As demonstrated above, the MRS-V-FIEGARCH model can properly control for the effect of smoothing probability and should generate more reliable estimates of the long-memory parameter. In Table 12, it can be seen that the estimates of d were all significant, with considerably smaller biases, compared with those of the FIEGARCH model. The results of $RMSE$ further confirm that the MRS-V-FIEGARCH model overall outperformed the FIEGARCH counterpart in almost all cases. In relation to the transition probabilities, the biases and SEs obtained with the MRS-V-FIEGARCH model were all quite small. Hence, this suggests that the MRS-V-FIEGARCH model can correctly identify the underlying volatility states.

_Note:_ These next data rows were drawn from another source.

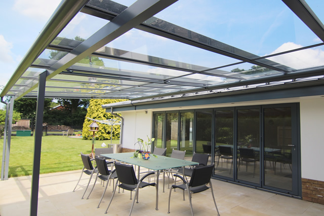 This beautiful family home in Wendover already had a number of Solarlux Bi-Folding Doors installed which opened on to the patio area from different areas of the house. Our client wanted to connect the zones and provide a covered area which would allow family and friends to enjoy the outside space in all weathers.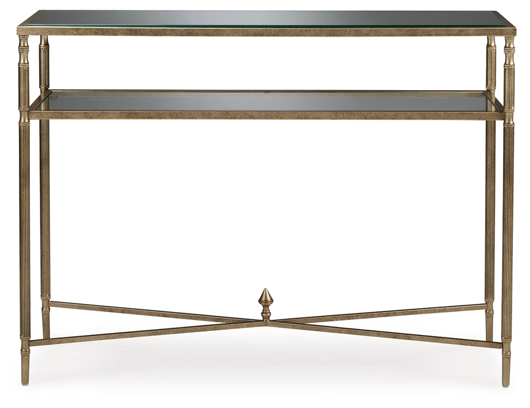 Bring refined elegance into your entryway or behind your sofa with the Cloverty Hall Stand Table. Crafted from metal and glass, this timeless piece features an aged goldtone frame with reeded, bobbin-style legs and a detailed stretcher finial. The mirrored top adds a luxe touch, while the clear glass shelf offers practical display or storage space—making it as functional as it is stylish.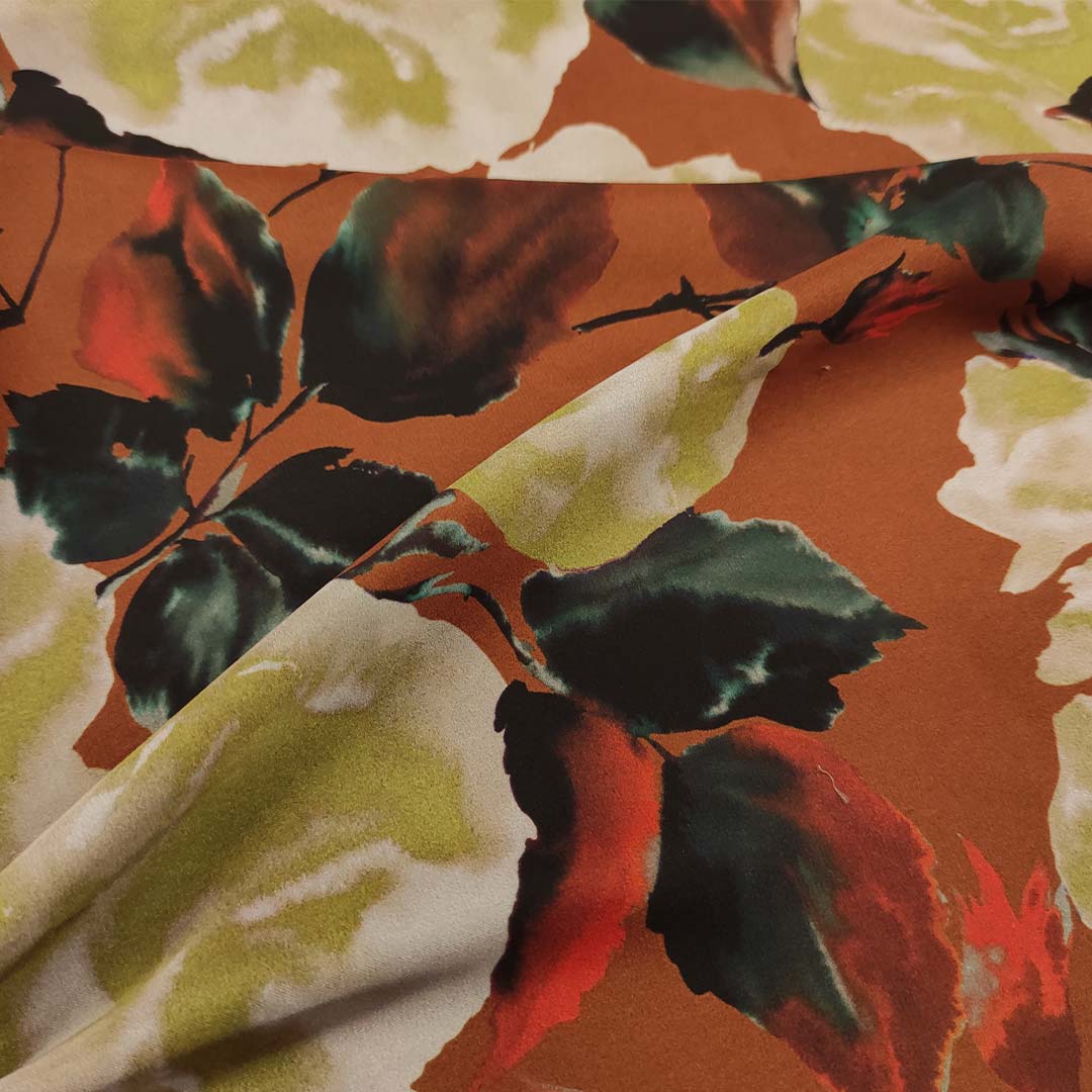 Tessuto Satin a fantasia dalla mano morbida, cadente e fluida, dall’aspetto semilucido si presta alla creazione di capi fluenti e morbidi da utilizzare in tutte le stagioni come: camicie, abiti, gonne, bluse, tute jumpsuit e pantaloni.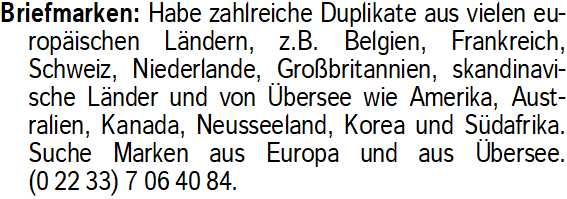 Anzeigentitel: Briefmarken: Habe zahlreiche D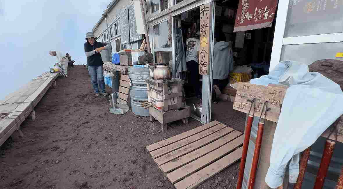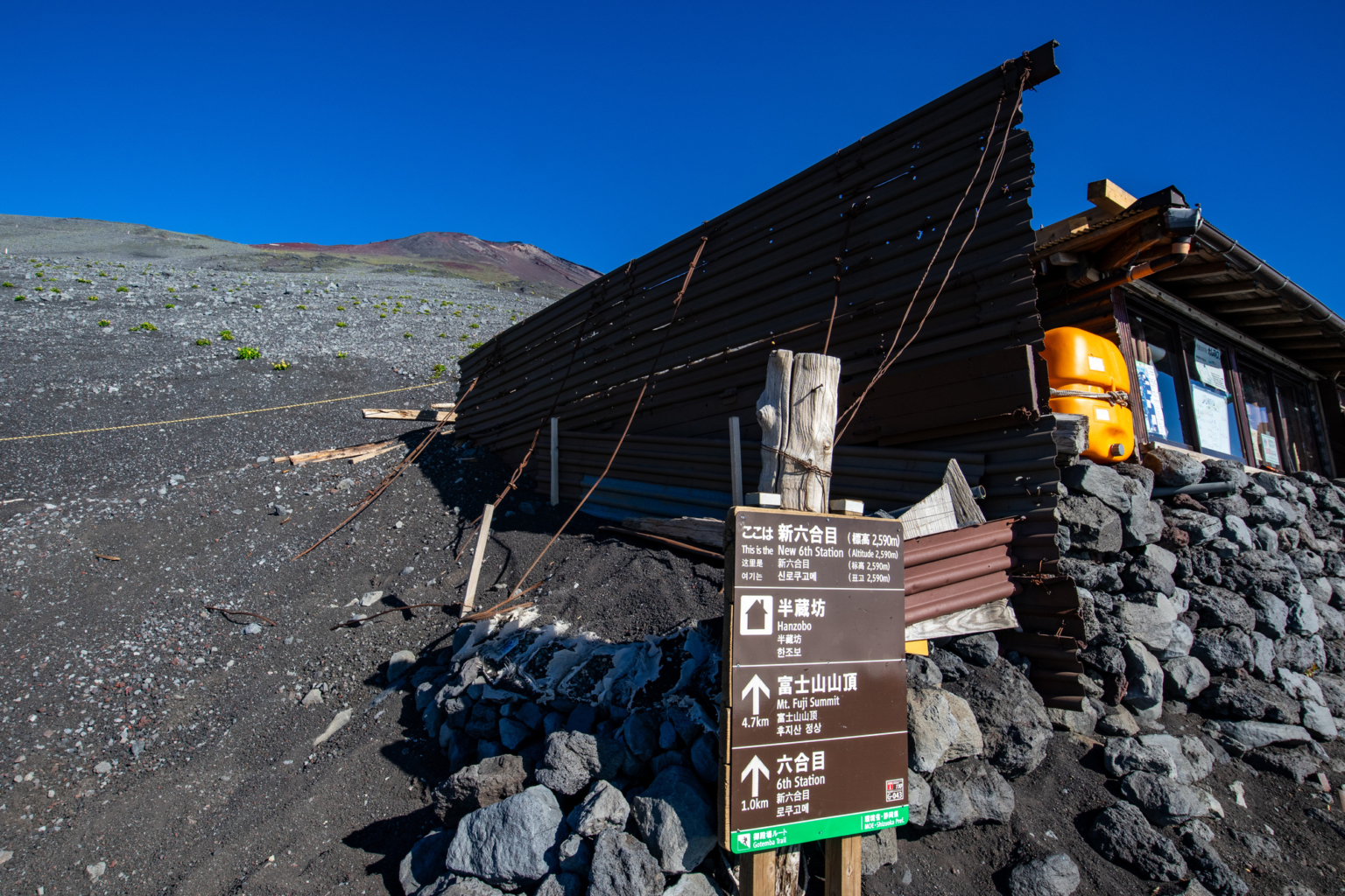 ジグザグの登山道を進むと、やがて宝永山と並ぶ標高位置にある、新六合目の半蔵坊へ。暑さをしのげる貴重な休憩スポットとして、多くの登山者に利用されています。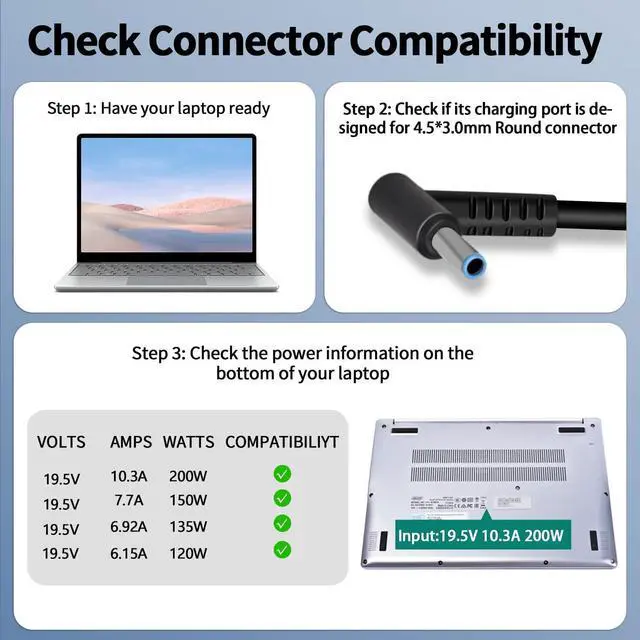 PRODUCT PARAMETERSPAEBAI+ 200W HP Laptop Charger Input: AC 100 -240V, 50/60Hz; Output: 19.5V 10.3A 200W Max. Connector Size: 4.5*3.0mm Power: 200W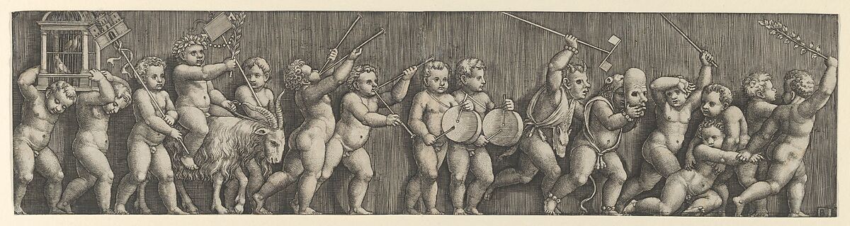 - Title: A frieze arrangement with a putto weating a laurel crown riding a goat at left and many infants playing musical instruments in front

In conclusion, with a Monte Carlo study, we demonstrated that the proposed MRS-FIEGARCH framework can distinguish between the pure FIEGARCH and pure MRS-EGARCH DGPs. More specifically, if the estimated d is significantly different from 0 in the FIEGARCH model and is insignificant in the MRS-FIEGARCH model, we can conclude that long memory is purely caused by regime switching. If the estimated d in the MRS-FIEGARCH model is significant, it suggests that at least the detected long memory is not `spurious’. That is, long memory is not purely caused by regime switching. In addition, when the true DGP contains both long memory and regime switching, the MRS-FIEGARCH framework is capable of estimating the true transition probabilities and long-memory persistence.

6. Empirical Results

To empirically compare our MRS-V-FIEGARCH framework with the FIEGARCH and MRS-EGARCH models, we fitted them to the daily NASDAQ Composite Index (NASDAQ). The daily closing prices of NASDAQ over the period from 1 January 2001 to 31 December 2022 were obtained from the Thomson Reuters Tick History (TRTH) database, which contains microsecond-time-stamped tick data dating back to January 1996 (the empirical dataset covers data starting from the 21st century for illustration purposes; consistent results can hold if data are sourced from 1996). The database covers 35 million over-the-counter (OTC) and exchange-traded instruments worldwide, which are provided by the Securities Industry Research Centre of Australasia (SIRCA). The corresponding return in the percentage series is defined as the logarithm of the daily closing price differences times 100, that is, $r_t=100\times log(S_t/S_{t-1})$, where $r_t$ is the return and $S_t$ is the daily closing price.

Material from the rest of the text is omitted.